TASK DESCRIPTION: The answer should be every line below, repeated exactly, with the images left out.

(Stored data entries)
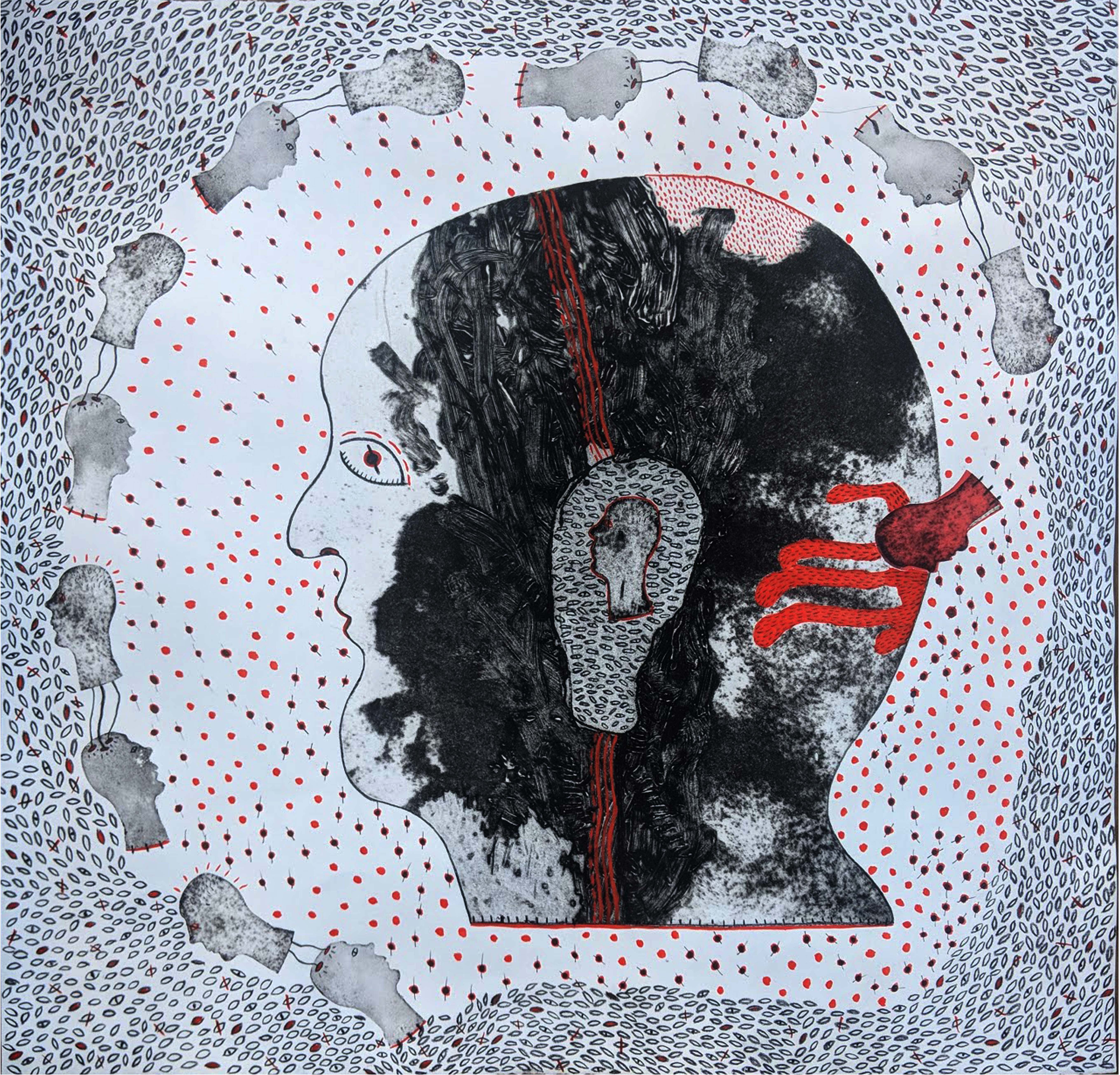Tess Doyle works primarily in printmaking, drawing and mixed media. Inspired by pop culture, personal idols, victims and everyday encounters, she creates an array of figurative and symbol heavy imagery. Her drawings and prints often contain bizarre narratives and pastiche. Tess received her BFA in printmaking from the Milwaukee Institute of Art & Design. Along with her studio practice, Tess works as an art educator at a local performing and visual arts high school, and is Press Assistant at Burning Bones Press in Houston, Texas.
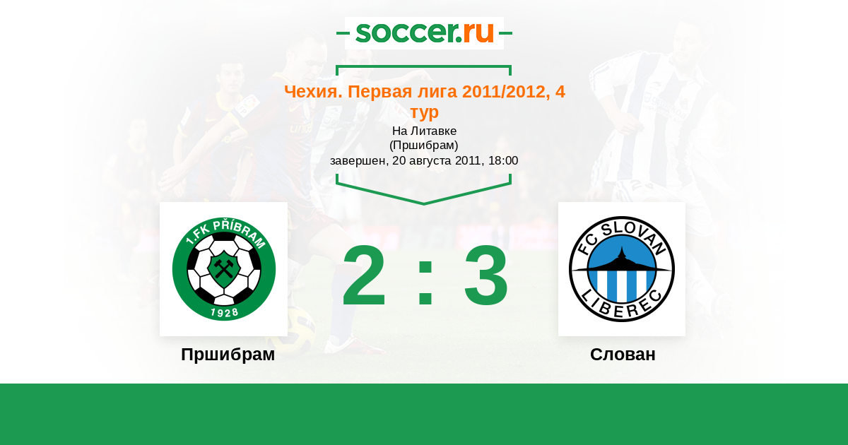 Чехия. Первая Лига 28.07.2012 Пршибрам Логотип футбольный клуб Пршибрам 0:4 Логотип футбольный клуб Слован (Либерец) Слован
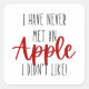 Make a delicious 'International Eat an Apple Day' with unique Apple art printed on Square Sticker. This sticker has 'I have never met in apple, I don't like!' cute quote design. You can buy this sticker in 2 different sizes with glossy and matte finished.
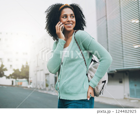 Backpack, phone call and student in city street walking to university, listening to results or feedback on internship opportunity. Happy black woman with smartphone call talking outdoor in urban road
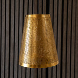 Light up your home with the Prufen Pendant Light. For a modern design scheme, this openwork metal pendant will look stunning in all spaces alike. Its perforated metal shade creates an atmospheric effect when illumination shines through the punched-out surface as well as the bottom.

ANSWER FOR THIS EXERCISE:
Tess Doyle works primarily in printmaking, drawing and mixed media. Inspired by pop culture, personal idols, victims and everyday encounters, she creates an array of figurative and symbol heavy imagery. Her drawings and prints often contain bizarre narratives and pastiche. Tess received her BFA in printmaking from the Milwaukee Institute of Art & Design. Along with her studio practice, Tess works as an art educator at a local performing and visual arts high school, and is Press Assistant at Burning Bones Press in Houston, Texas.
 Чехия. Первая Лига 28.07.2012 Пршибрам Логотип футбольный клуб Пршибрам 0:4 Логотип футбольный клуб Слован (Либерец) Слован
 Make a delicious 'International Eat an Apple Day' with unique Apple art printed on Square Sticker. This sticker has 'I have never met in apple, I don't like!' cute quote design. You can buy this sticker in 2 different sizes with glossy and matte finished.
 Backpack, phone call and student in city street walking to university, listening to results or feedback on internship opportunity. Happy black woman with smartphone call talking outdoor in urban road
 Light up your home with the Prufen Pendant Light. For a modern design scheme, this openwork metal pendant will look stunning in all spaces alike. Its perforated metal shade creates an atmospheric effect when illumination shines through the punched-out surface as well as the bottom.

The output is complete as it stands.